Population (2001 census [INDEC])
- • Total: 85,189
- CPA Base: B 1615
- Area code: +54 02320

= Grand Bourg =

City in Buenos Aires Province, Argentina

Grand Bourg is a city in Malvinas Argentinas Partido, Buenos Aires Province, Argentina. It forms part of the Greater Buenos Aires agglomeration.

== Toponymy ==
Grand Bourg is named after the Grand Bourg villa in the Paris suburb where the leader of the Argentine War of Independence, General José de San Martín lived during part of his exile (today, a neighbourhood of Évry-Courcouronnes).

== History ==
The location belonged to the 19th century estancias of Juan Andrés de Cabo and Pastor Parra. Orchards and dairy farms thus predominated until, in 1948, the first lots were sold by the G.C. Grosso real estate company along the Belgrano North Railway Line. A stop was opened at the site in 1951, followed by a station in 1956. Known initially as Primero de Mayo, the station and town were renamed Grand Bourg in 1959.
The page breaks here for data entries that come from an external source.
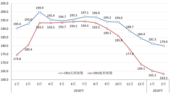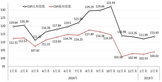 2月末,CSPI长材指数为113.43点,环比上升1.44点,升幅为1.29%;CSPI板材指数为104.02点,环比上升1.49点,升幅为1.45%,比长材价格升幅高0.16个百分点;与去年同期相比,长材价格指数下降6.93点,降幅为5.76%;板材价格指数下降8.55点,降幅为7.60%。(见下图、表)
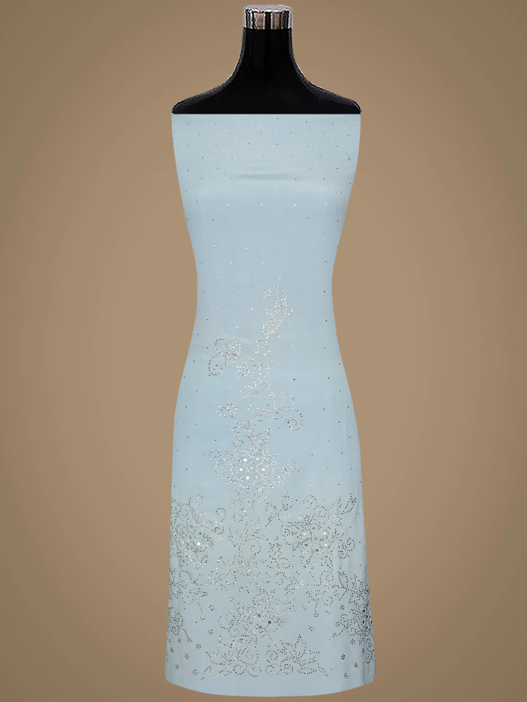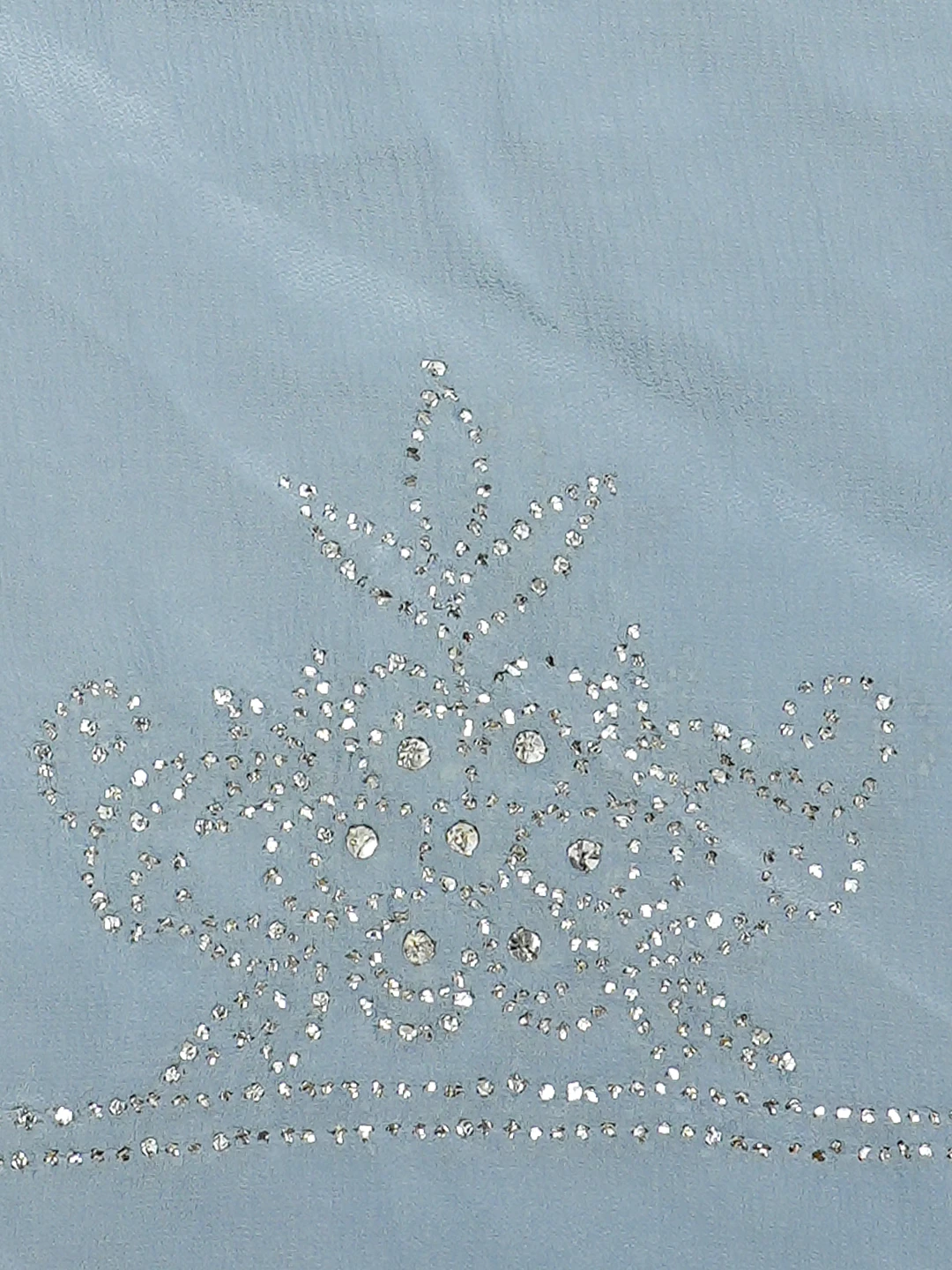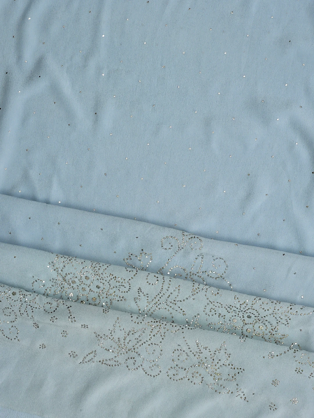 Ada Hand Embroidered Ice Blue Crepe Unstitched Kurta Dupatta Set With Mukaish Work A384903
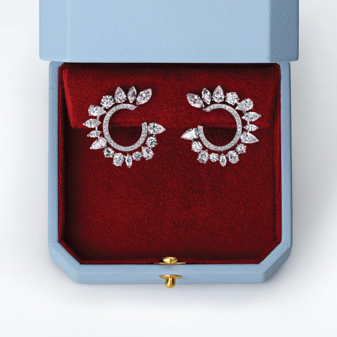 Серьги в форме несомкнутых колец состоят из двух драгоценных ободков: первый расположился по внутренней кромке украшения и представляет собой тонкую ленту из белого золота с непрерывной инкрустацией из круглых бриллиантов, второй обрамляет его с внешней стороны и состоит из бриллиантов огранки «маркиз», «круг», «груша», «овал», «роза» и «роза маркиз», непоследовательно закрепленных на небольшом расстоянии друг от друга.
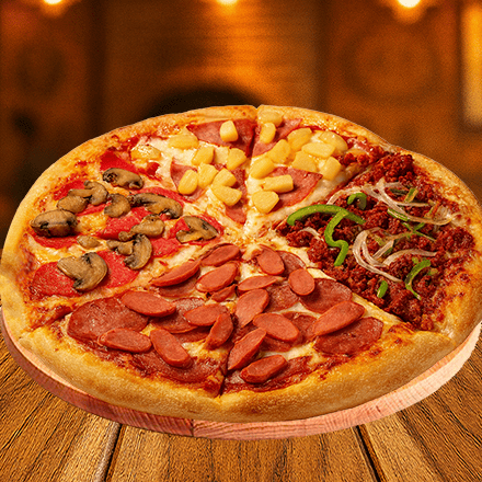 Combinación perfecta de especialidades, pepperoni, hawaiana, salami con salchicha y mexicana.
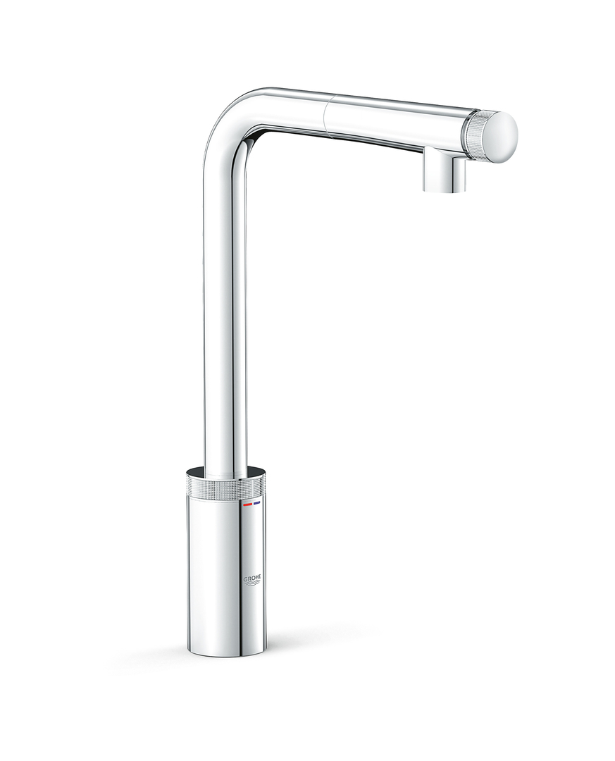 Bei dieser Küchenarmatur sorgt die Integration der neuen Ventiltechnologie „SmartControl“ für ein besonders puristisches Erscheinungsbild, da auf Bedienhebel komplett verzichtet werden konnte. Die Interaktion mit dem Wasser erfolgt stattdessen über ein Steuerventil, das so in die Armaturenfront eingelassen ist, dass die Kontrolle des Wasserflusses allein durch Drücken mit der Hand oder dem Unterarm möglich ist, was die Bedienung besonders hygienisch macht.

The city became a significant manufacturing center in subsequent decades.

The "Cemetery of Grand Bourg" was the site of one of the largest mass graves found in the aftermath of Argentina's Dirty War of the late 1970s; over three hundred cadavers thus buried were located at the cemetery in 1984.

Grand Bourg was declared a city by the Provincial Legislature on November 28, 1985.